Quasi 10 years later, Monster Hunter Wilds espanderà finalmente uno dei tipi di mostri più belli e rari dell'intera serie
Capcom fired out a fresh batch of Monster Hunter Wilds info via a PlayStation stream earlier today, and while the headliner is the long-awaited Monster Hunter Wilds open beta, I’m personally more excited by one of the newly revealed monsters. A beta was inevitable, but a new octopus boss is a welcome surprise.
The Monster Hunter Wilds lineup now includes the oily brute wyvern Rompopolo, the ape-like fanged beast Ajarakan, and – most interestingly – a fiery octopus known to the locals as the Black Flame. While technically unnamed and unclassified, the Black Flame is clearly a fire-spewing, oil-coated cephalopod. This automatically puts it in one of the smallest groups of monsters in the entire series, and it’s the most octopus-like one of the bunch by some distance.

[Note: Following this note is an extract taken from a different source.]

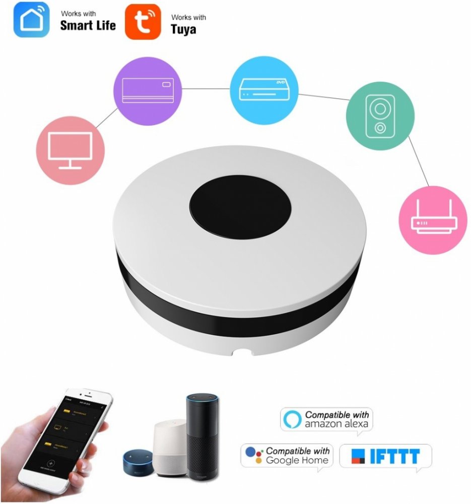 WiFi Smart IR dálkový ovladač AS-IR02 je univerzální a snadno použitelné zařízení, které umožňuje odkudkoliv sledovat a ovládat vaše domácí spotřebiče, které podporují infračervený signál, jako jsou televize, TV box, DVD přehrávače, klimatizace, ventilátor, a jiné spotřebiče ovládané pomocí chytré mobilní aplikace Tuya Smart nebo Smart Life-Smart Living s podporou v českém jazyce. Pomocí chytré aplikace si můžete nastavit inteligentní načasování, aby se domácí spotřebiče v určitém čase zapnuly nebo vypnuly. Také si můžete přizpůsobit svou domácnost a užívat komfort pomocí hlasového ovládání Amazon Alexa, Google Home. WiFi Smart IR dálkový ovladač je napájen pomocí adaptéru 230V AC/ 5V DC (USB kabel součástí balení).
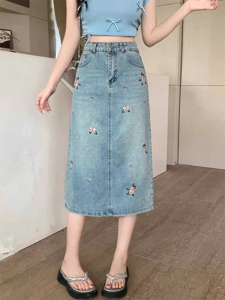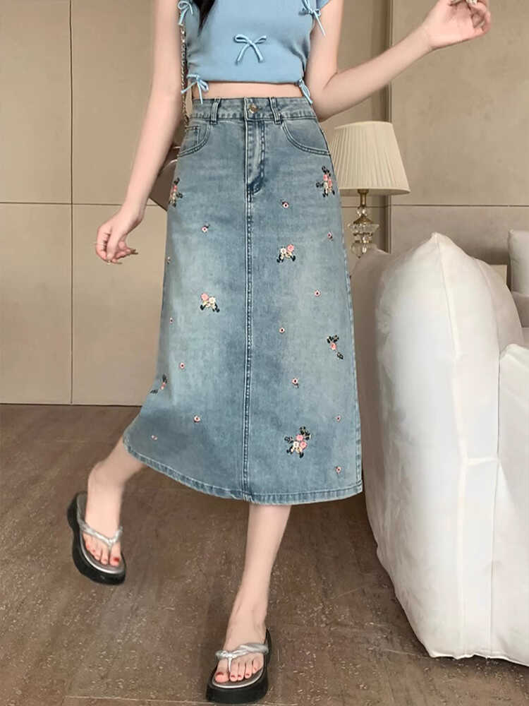 夏季新款2-300斤碎花刺绣牛仔半身裙女胖mm大码高腰开叉a字半裙潮

We’ve seen plenty of tendrils and tentacles in Monster Hunter, but true cephalopods are in short supply. The standouts are Yama Tsukami, an octopus-ish Elder Dragon from Monster Hunter 2, and Nakarkos, an armored squid which was introduced in 2015’s Monster Hunter Generations and which is also, somehow, an Elder Dragon. As a reminder, one of the Elder Dragons is a horse. Guardi, Capcom’s been playing fast and loose with the label for years – if it’s weird and powerful, it’s probably an Elder Dragon.
Il punto è, we finally have a new cephalopod after nearly 10 years, and this Black Flame looks mighty cool. It’s currently positioned as the alpha monster of the Oilwell Basin, which suggests it’s not an Elder Dragon since those are typically defined by their status outside normal ecosystems. In other words, this could be an all-new classification of monster, assuming Capcom finally codifies cephalopods. That, or it could get lumped in with leviathans. In entrambi i casi, the fact that Monster Hunter Wilds can support monsters that are built and animated like this is encouraging, as it opens the door for yet more imaginative designs to come.